INFORMATION PROVIDED:
____
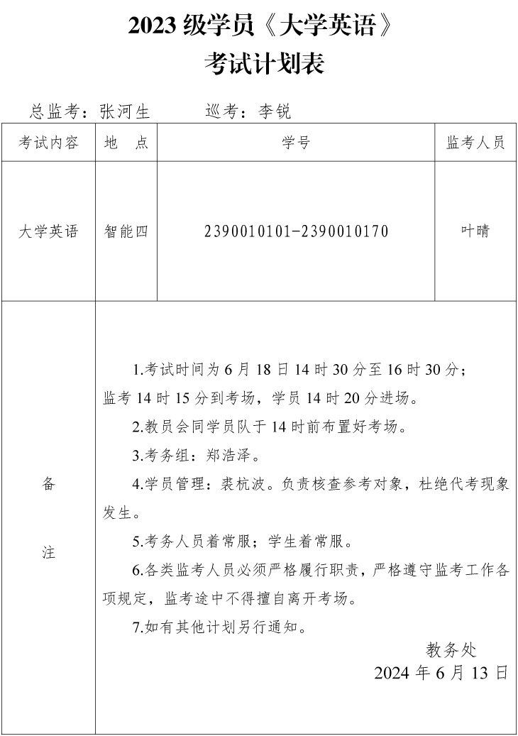 2023 级学员《大学英语》考试计划表
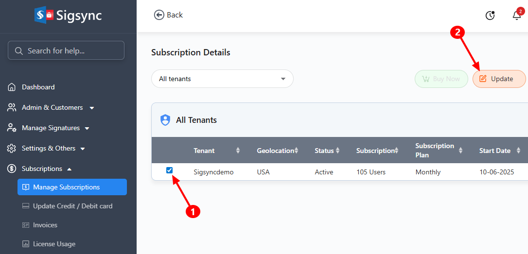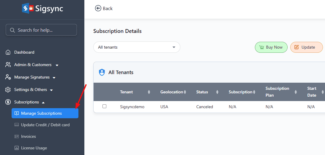 - On the Subscription Details page, select the Tenant for which you want to change the payment method, and click 'Update'.
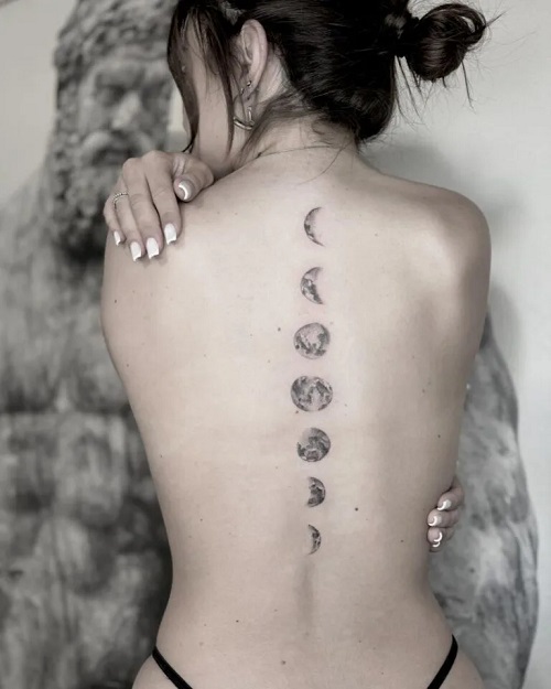 Why don’t you get this beautiful tattoo that runs down your spine with phases of the moon adorning the skin?
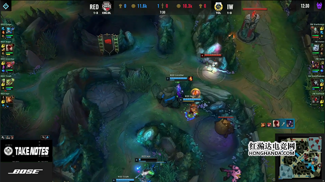 RED前期大胆入侵IW野区,首先集中火力击杀了牛头拿到一血,佛耶戈见情况只想保下蓝Buff后撤,结果蓝Buff被打剩1滴血被盲僧抢走,佛耶戈开局崩盘,接下来RED继续伤口撒盐,盲僧在佐伊的支援下又在上半区抓死了佛耶戈。打开优势以后RED的节奏展开的非常顺利,快速滚起了雪球,一路掠夺资源经济领先达到了4千块左右。格温在上路拆掉一塔并且单杀蛮王,而IW试图在下路发起还击又被击溃,13分钟双方人头比6:0。
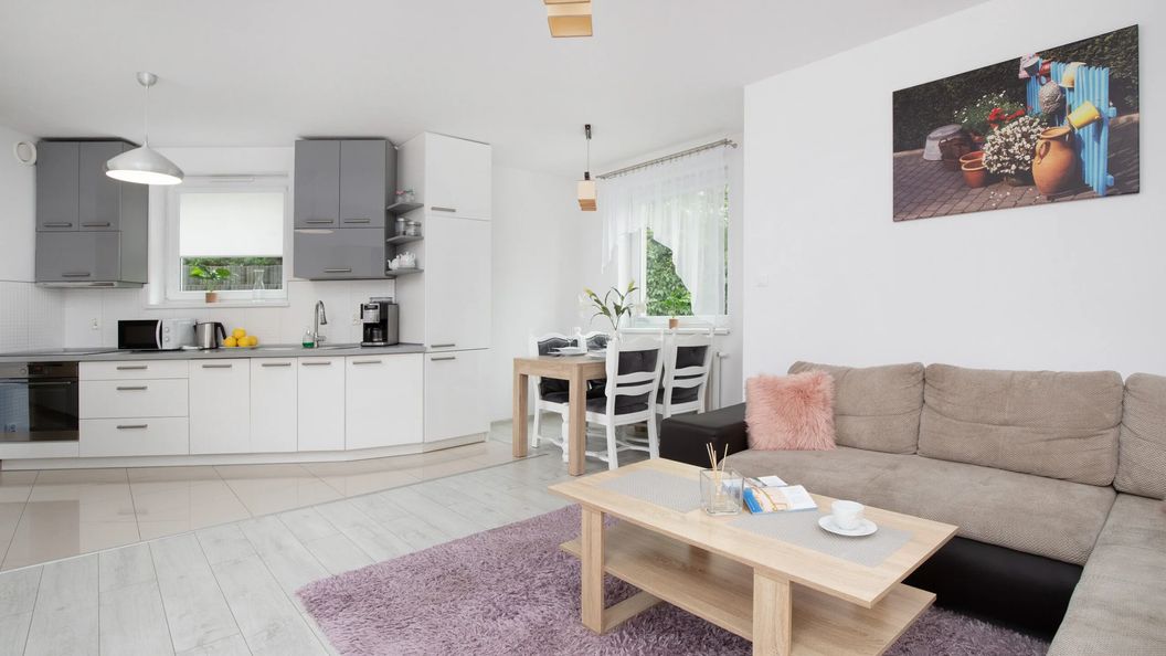 Elegancki i jasny apartament zlokalizowany parterze obiektu na osiedlu przy ul. Myśliwskie Wzgórze, to przestrzeń oferująca możliwość zakwaterowania 4 osób. Niezwykłe mieszkanie w Gdańsku jest idealną propozycją wakacyjnego noclegu dla rodziny z dziećmi, a także przyjaciół. W skład powierzchni mieszkalnej apartamentu wchodzi salon ze stołem jadalnianym i aneksem kuchennym, sypialnia z łóżkiem małżeńskim oraz łazienka z prysznicem. W części dziennej znajduje się wygodna, rozkładana sofa do spania. Z apartamentu można wyjść na balkon z meblami ogrodowymi, dzięki czemu można się na nim cieszyć kubkiem porannej kawy, chłonąc widok na spokojną okolicę. Wykończenie mieszkania z najwyższą dbałością o detale, wykonane w spokojnej kolorystyce zaspokoi zmysł estetyczny Gości, którzy nie uznają kompromisów w kwestii wygody i stylu. Przestrzeń obiektu jest funkcjonalnie zaprojektowana, wychodząc naprzeciw wszelkim potrzebom podróżnych. Udogodnienia obejmują wyposażenie multimedialne (telewizor z kanałami kablowymi oraz bezpłatne łącze internetowe Wi-Fi), zaplecze kuchenne i łazienkowe (zmywarka, pralka, suszarka do włosów). Aby ułatwić rozpoczęcie każdego pobytu, na Gości czeka bezpłatny zestaw kosmetyków, ręczniki i pościel.
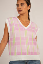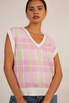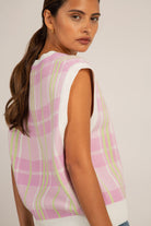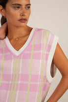 Pink and green checked vest
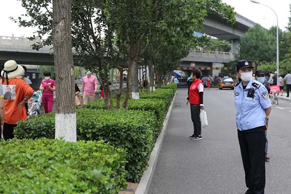 街道机关干部有序指挥,即使太阳再烈,即使风雨再大,都不能影响大家服务的热情。
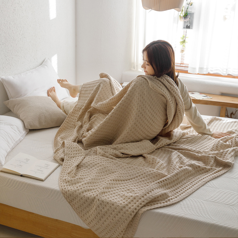 浪莎全棉纱布毛巾被-华夫格驼
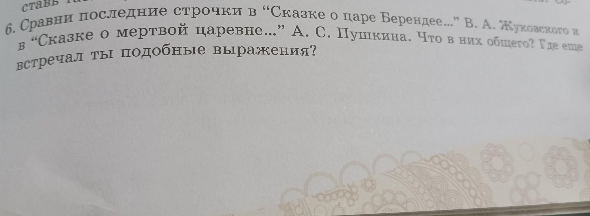 6. Сравни последние строчки в "Сказке о царе Берендее..." В. А. Жуковского и в "Сказке о мертвой царевне..." А. С. Пушкина. Что в них общего? Где еще встречал ты подобные выражения?
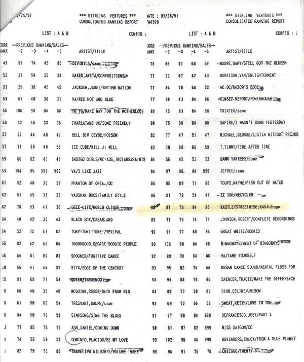 This is the second page of the full rock sales chart for the biggest retail chain in Chicago. Streetwise was #88 that week. Placido Domingo was #74. The Three Tenors were #5.
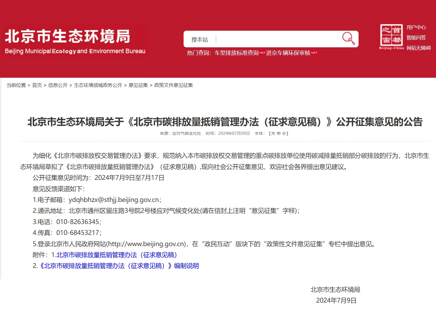 北京市生態(tài)環(huán)境局關(guān)于《北京市碳排放量抵銷(xiāo)管理辦法(征求意見(jiàn)稿)》公開(kāi)征集意見(jiàn)的公告來(lái)源:應(yīng)對(duì)氣候變化處 時(shí)間:2024年07月09日 為細(xì)化《北京市碳排放權(quán)交易管理辦法》要求,規(guī)范納入本市碳排放權(quán)交易管理的...
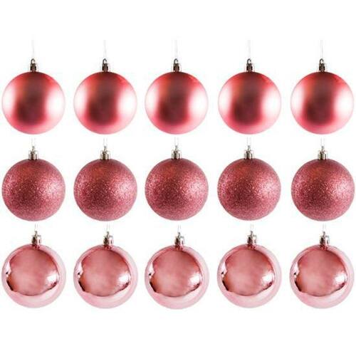 Tamanho aproximado do enfeite: 4cm de Tamanho aproximado da embalagem: a:xl:cm Peso aproximado: g Tipo de produto: bola de natal mista fosca/lisa/glitter com 30 pecas Cor: rose Composição: plastico
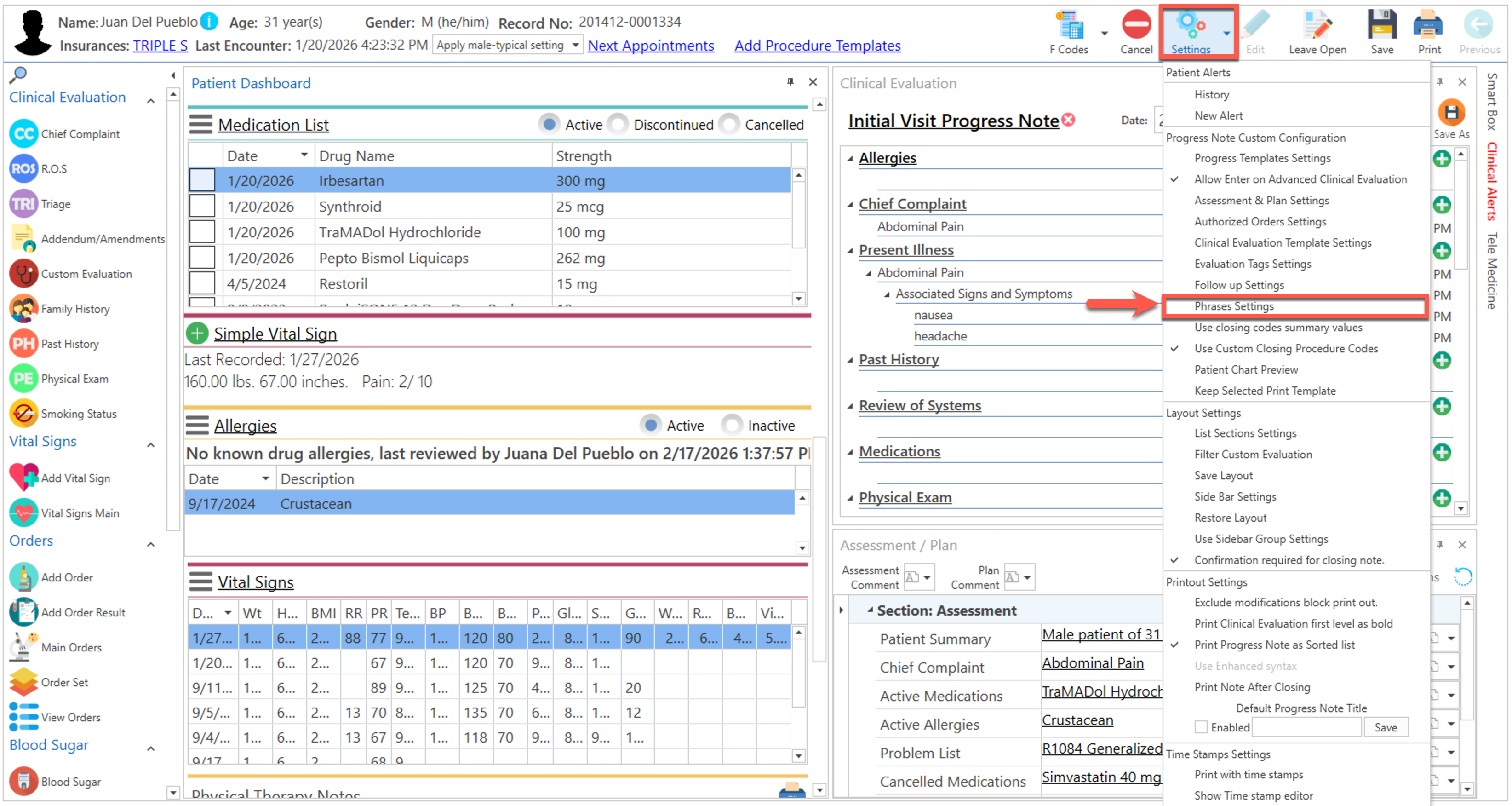- Conociendo el área de: Advanced Progress Note / Settings / Phrases Settings
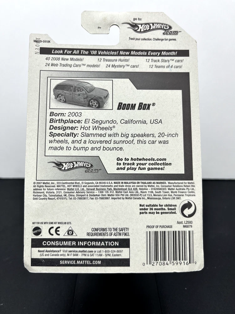 Hot Wheels Mainline 2008 Team Hot Trucks Boom Box is a must-have for any diecast and toy vehicle collector. The car is part of the Hot Wheels Team Hot Trucks series and is a 1:64 scale model. Perfect for collectors or anyone who loves cars and wants to have a unique and rare addition to their collection. The car has been stored in a smoke-free and pet-free environment, and it is in good condition. The car comes with the original packaging and instructions, making it easy to display and keep safe. Overall, this Hot Wheels Mainline 2008 Team Hot Trucks Boom Box is a great investment and a perfect addition to any collection. Cards and blisters are not perfect and may have creases, soft corners, stickers, and or cracks, see photos. Additional photos can be provided on request. All items are shipped and sold from the USA. Will ship in a corrugated box with bubble wrap ***NO BUBBLE MAILERS***
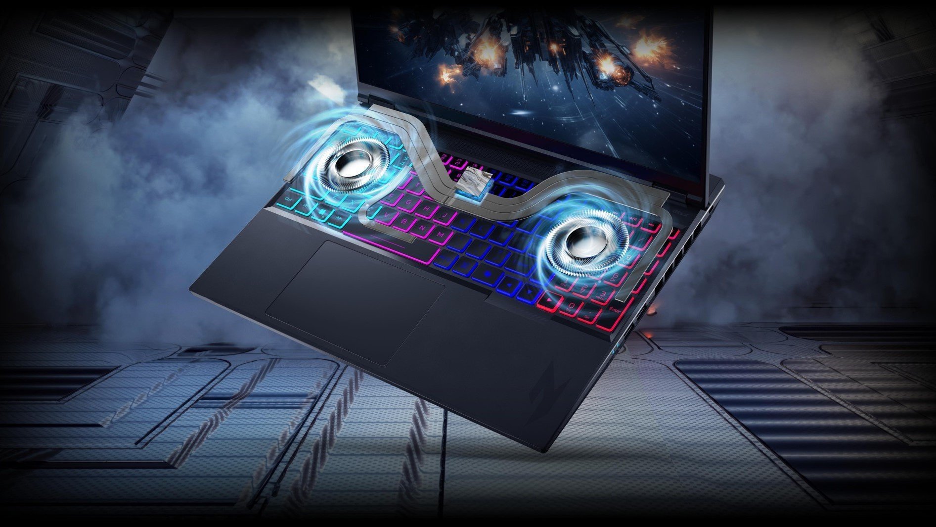 System chłodzenia zaprojektowany z myślą o intensywnym gamingu: cztery strategiczne otwory wentylacyjne, wektorowe ciepłowody, zaawansowana pasta z ciekłego metalu i inteligentne sterowanie temperaturą. Dzięki temu laptop zachowuje wysoką wydajność nawet przy długotrwałym obciążeniu i zapobiega przegrzewaniu kluczowych komponentów – gwarantując płynność i stabilność w każdej rozgrywce.
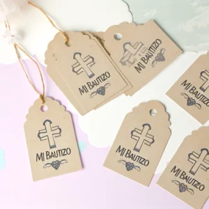 Deze charmante tags zijn ideaal voor het toevoegen van een persoonlijke touch aan doopfeesten, babyborrels en andere religieuze gelegenheden. Ze worden geleverd in sets van 20, 50 of 100 stuks, zodat je precies kunt kiezen hoeveel je nodig hebt voor jouw evenement. Elke tag is zorgvuldig ontworpen met een stijlvol kruis en de tekst ‘Mi Bautizo’, wat ‘Mijn Doop’ betekent in het Spaans, waardoor ze een bijzondere betekenis krijgen.
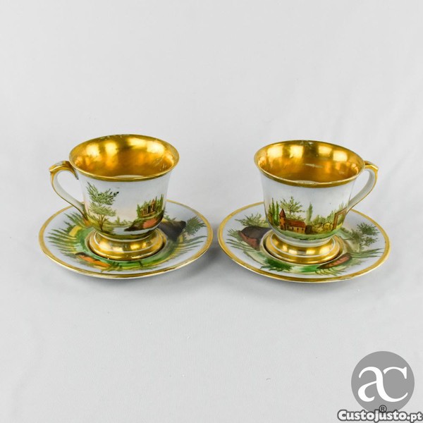 Par de chávenas almoçadeiras porcelana Europeia, séc. XIX
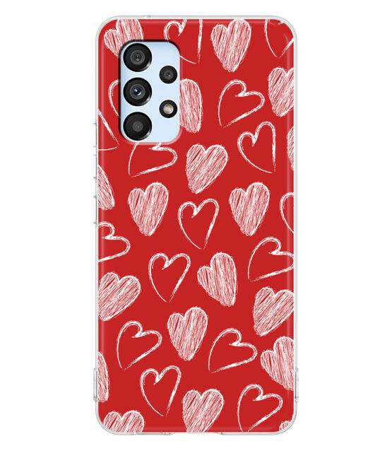Capa de telemóvel em silicone para Samsung A52 / Samsung A52s , com corações brancos sob fundo vermelho .
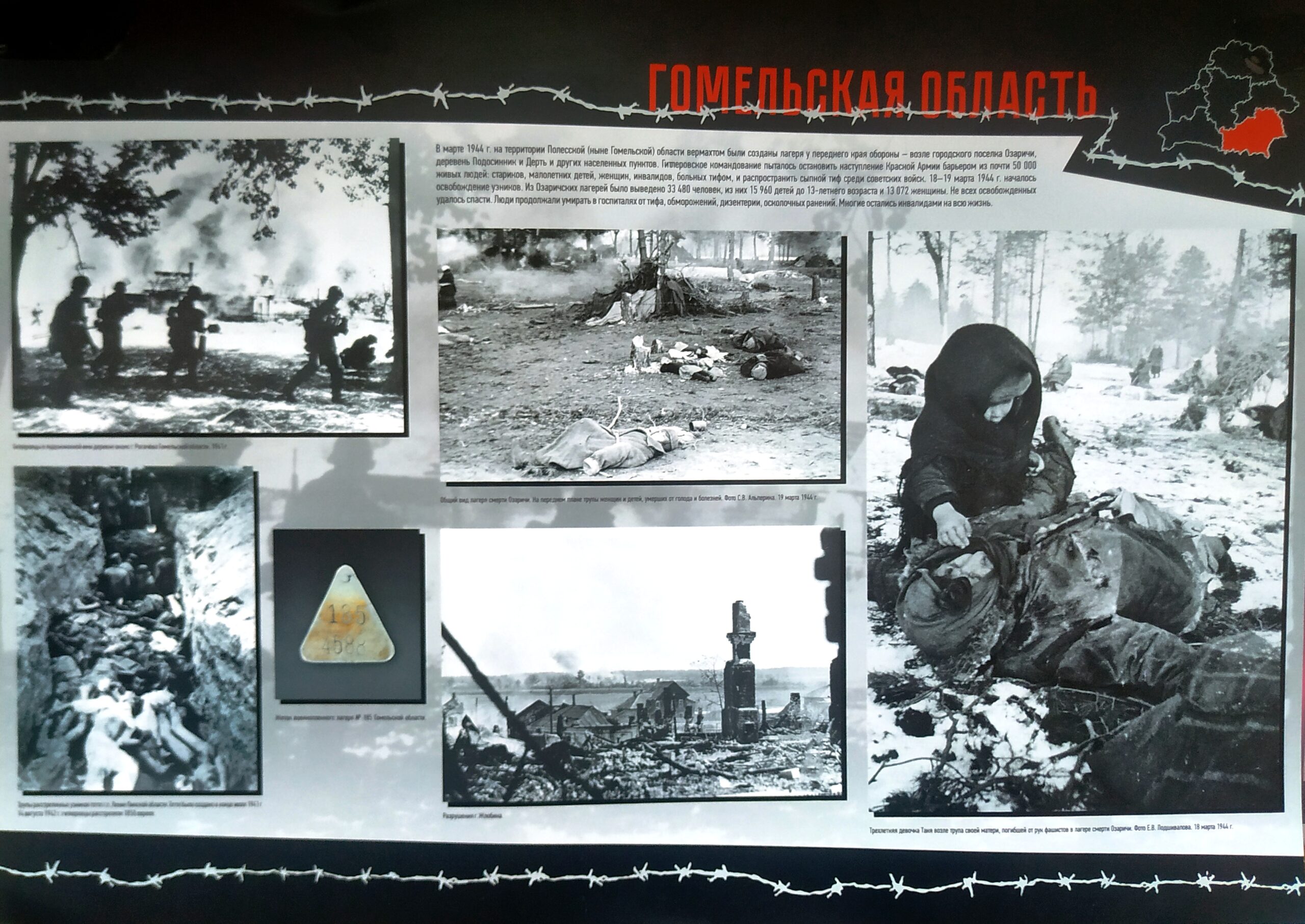 Самой чудовищной страницей хроники геноцида на территории района стал лагерь смерти в Озаричах. Он был создан в марте 1944‑го и просуществовал всего неделю. За это время здесь было уничтожено около 20 тысяч человек. Без еды и воды узники содержались под открытым небом на территории, обнесенной колючей проволокой. При попытке развести костер, чтобы хоть немного согреться, охранники открывали огонь.
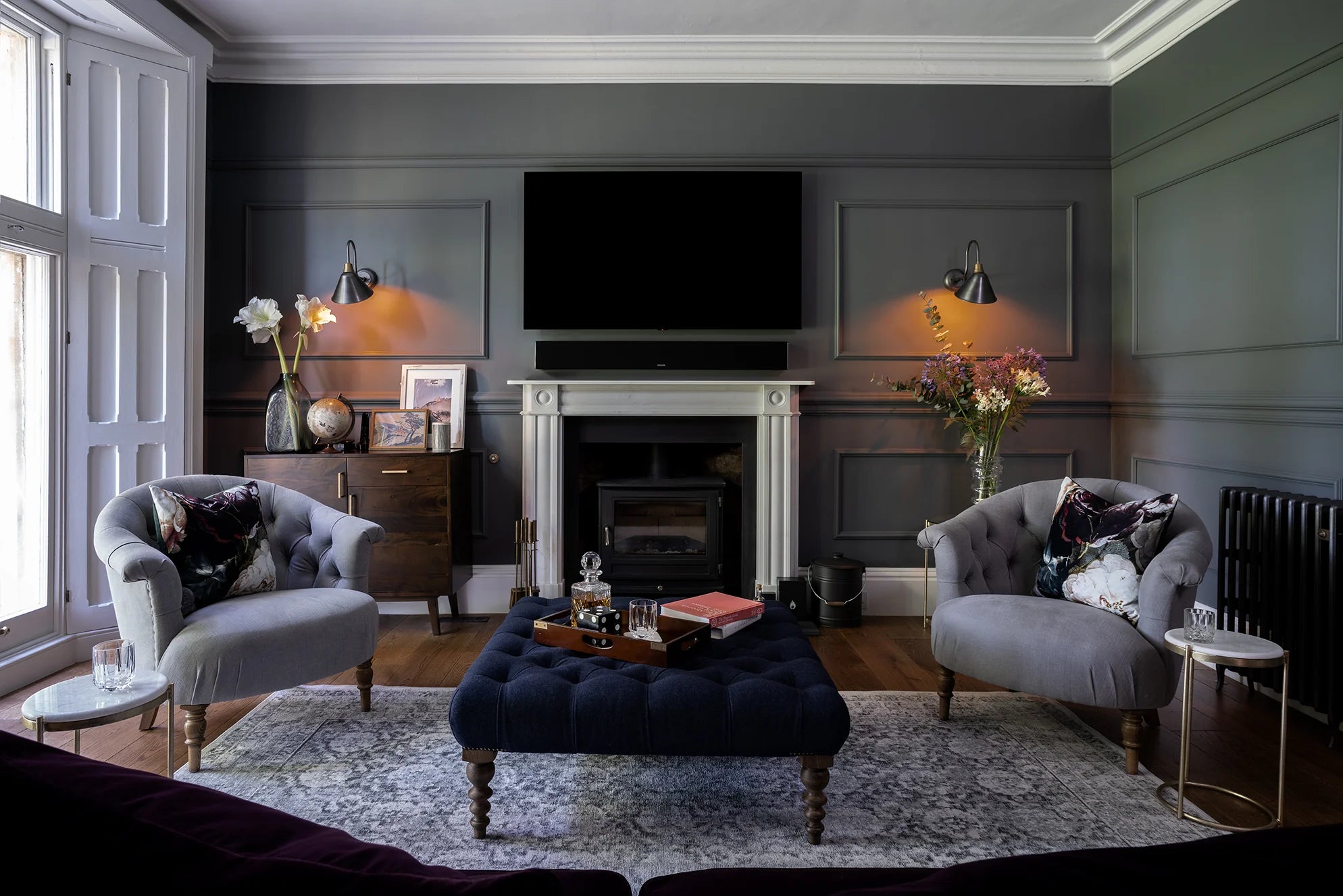 Two carefully restored rooms that honour their Victorian heritage while meeting every modern need. The owners now enjoy spaces that feel both authentic and alive - where evening cocktails are served in front of a crackling fire, and work is conducted beneath restored shutters.
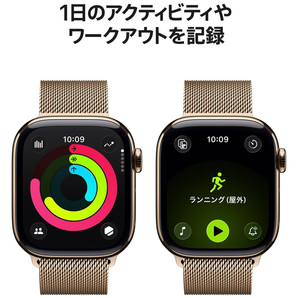 Apple Watch Series 11(GPS + Cellularモデル)- 42mmゴールドチタニウムケースとゴールドミラネーゼループ MF8Y4J/A
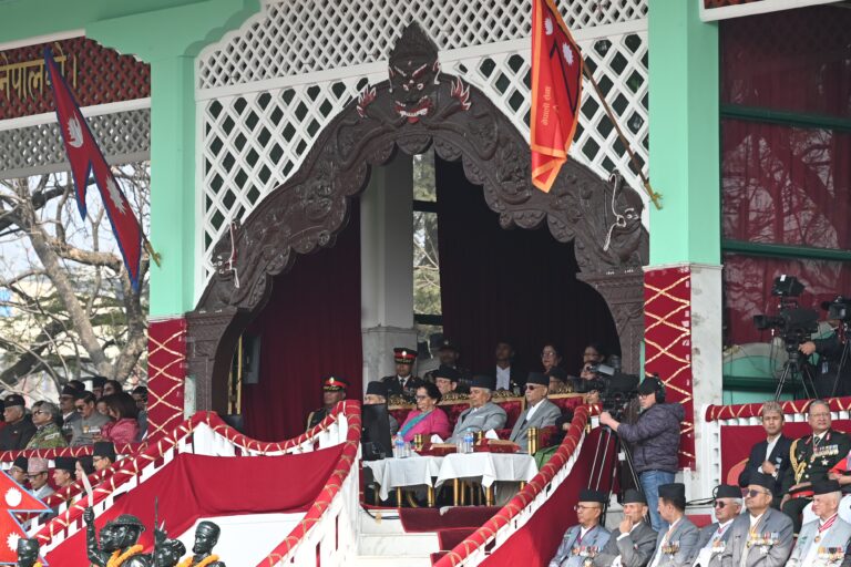 काठमाडौँ । राष्ट्रपति रामचन्द्र पौडेल महाशिवरात्री तथा नेपाली सेना स्थापनाको २६२ औं वार्षिकोत्सबको अवसरमा नेपाली सेनाद्वारा आयोजना गरिएको सेना दिवस २०८१ को उपलक्ष्यमा सैनिक मञ्च टुँडिखेलमा बुधबार बढाईं तथा सैनिक कला प्रदर्शनी विशेष समारोहमा सरिक भएका छन् ।
____
Without the pictures, reproduce each line from the one containing "Apple Watch Series" through the last line of the material above, both of those lines included.

ANSWER FOR THE TASK:
 Apple Watch Series 11(GPS + Cellularモデル)- 42mmゴールドチタニウムケースとゴールドミラネーゼループ MF8Y4J/A
 काठमाडौँ । राष्ट्रपति रामचन्द्र पौडेल महाशिवरात्री तथा नेपाली सेना स्थापनाको २६२ औं वार्षिकोत्सबको अवसरमा नेपाली सेनाद्वारा आयोजना गरिएको सेना दिवस २०८१ को उपलक्ष्यमा सैनिक मञ्च टुँडिखेलमा बुधबार बढाईं तथा सैनिक कला प्रदर्शनी विशेष समारोहमा सरिक भएका छन् ।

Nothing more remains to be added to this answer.